Accordingly, the Tribunal directed refund of the pre-deposit amount to the appellant, consistent with the binding Supreme Court precedent.

3. SIGNIFICANT HOLDINGS

"Once a resolution plan is duly approved by the Adjudicating Authority under subsection (1) of Section 31, the claims as provided in the resolution plan shall stand frozen and will be binding on the Corporate Debtor and its employees, members, creditors, including the Central Government, any State Government or any local authority, guarantors and other stakeholders.
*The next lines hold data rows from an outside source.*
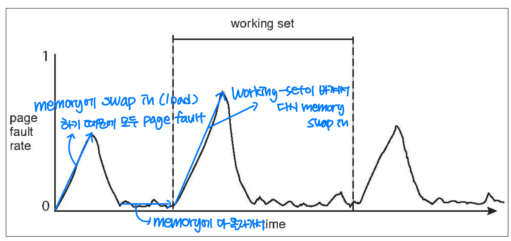 프로세스의 워킹셋과 페이지 폴트율은 직접적인 상관관계가 있다. 워킹셋은 시간에 따라 변하며, 페이지 폴트율도 시간에 따라 봉우리(peak)와 골짜기(valley)를 그린다.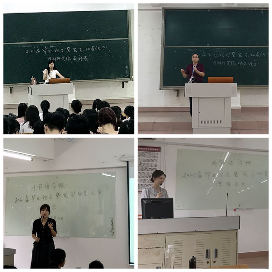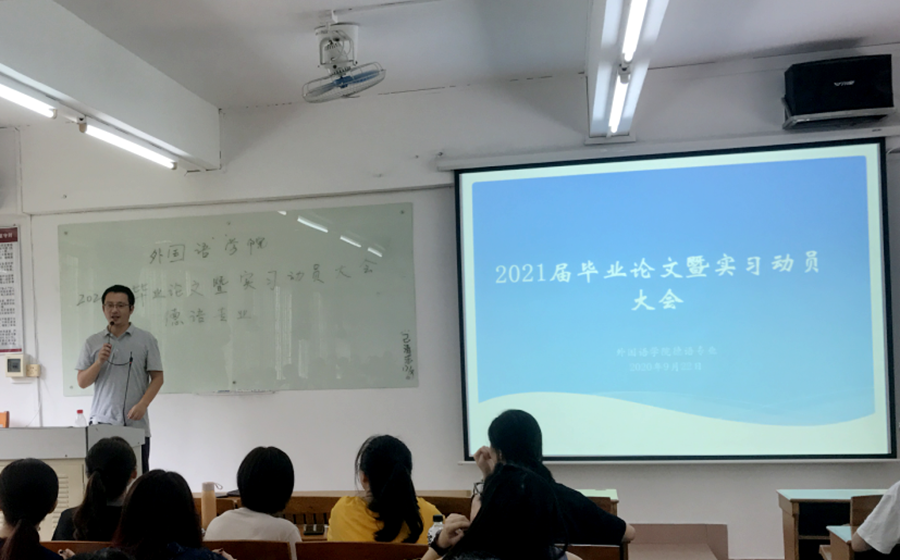 9月22日-9月24日,必赢官网先后组织了德语、商务英语、日语、英语四个专业毕业生召开了四场“2021届毕业论文暨实习动员大会”,必赢官网副院长袁鑫、德语专业系主任周昳旸、商务英语系主任李望华、日语专业系主任杨烨、专业带头人李晶教授、英语系主任程瑜瑜以及辅导员黄士库、刘丽参加会议。会议由各系主任主持。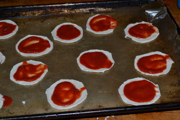 Poner una cuchara de t, o una cuchara t media (dependiendo del tamaño del tuyo pizzette) de la salsa en cada mini pizza.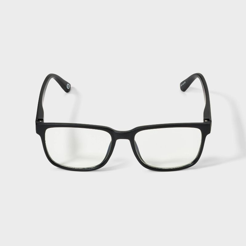 Square blue-light-filtering glasses. Feature blue-light filtering clear lenses to help ease eye strain and provide UV protection against harmful sun rays. Full-rim design in a matte brown plastic fram…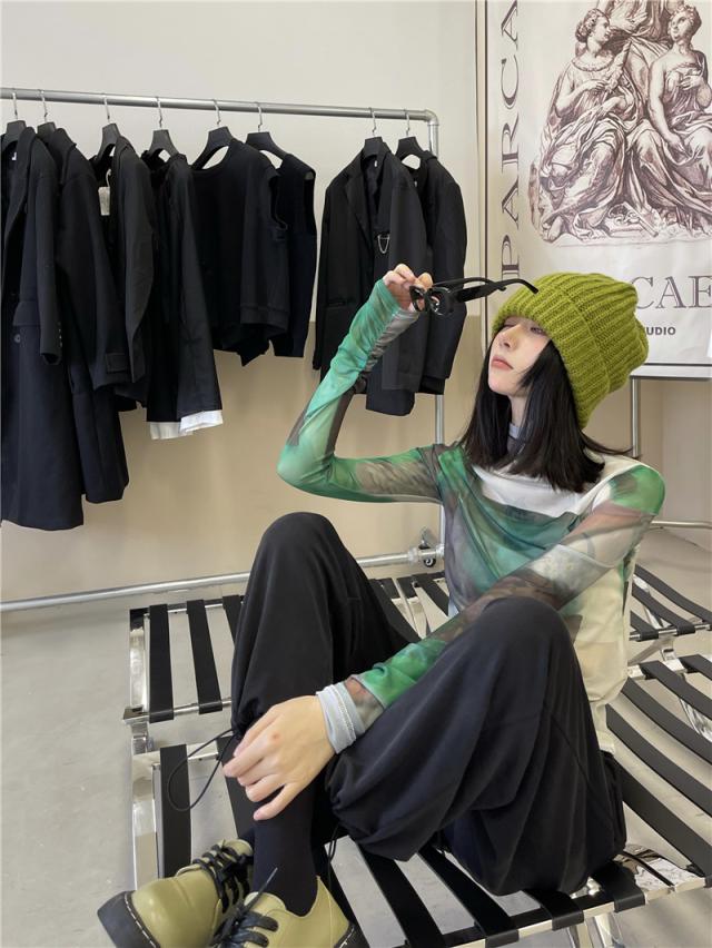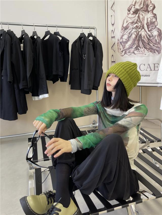 トップス シャツ カットソー ハイネック 長袖 レディース 薄手 透け感 シアー タイト ゆったり 大きめ シンプル カジュアル ラフ 総柄 緑 グリーン ホワイト 白 迷彩 くすみカラー 10代 20代 30代 40代 春 秋 夏 お洒落 オシャレ かわいい 大人可愛い こなれ感 伸縮性 着心地 柔らか 着回し 重ね着 女子会 新作 2021 華奢 スタイルアップ メンズライク クール かっこいい サブカル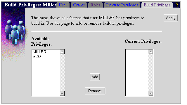 The Available Privileges list lists the schemas on which you can grant MILLER Build In privileges. You can grant a user Build In privileges on his or her own schema and on any component schema. The Current Privileges list lists the schemas on which MILLER already has Build In privileges.

On the date of approval of resolution plan by the Adjudicating Authority, all such claims, which are not a part of resolution plan, shall stand extinguished and no person will be entitled to initiate or continue any proceedings in respect to a claim, which is not part of the resolution plan."

"2019 amendment to Section 31 of the I&B Code is clarificatory and declaratory in nature and therefore will be effective from the date on which I&B Code has come into effect."

"Consequently all the dues including the statutory dues owed to the Central Government, any State Government or any local authority, if not part of the resolution plan, shall stand extinguished and no proceedings in respect of such dues for the period prior the date on which the Adjudicating Authority grants its approval under Section 31 could be continued."

"GST and Customs authorities have been classified as operational creditors and are required to submit their claims against corporate debtors when the Corporate insolvency and resolution process is initiated and public announcement inviting claims is made by the insolvency professional. Once the Resolution plan is approved by NCLT, no demands can be raised on the Resolution Applicant."

"The appeals deserve to be allowed only on this ground. It is held that the claim of the respondent, which is not part of the Resolution Plan, does not survive. The amount deposited by the appellant at the time of admission of the appeals along with interest accrued thereon is directed to be refunded to the appellant."

Final determination: The appeal filed by the appellant against the demand of central excise duty was abated following the approval of the Resolution Plan by the NCLT, rendering the Tribunal functus officio. The claims not included in the Resolution Plan stand extinguished, and no further proceedings can be maintained. The appellant is entitled to refund of the pre-deposit amount made at the time of filing the appeal.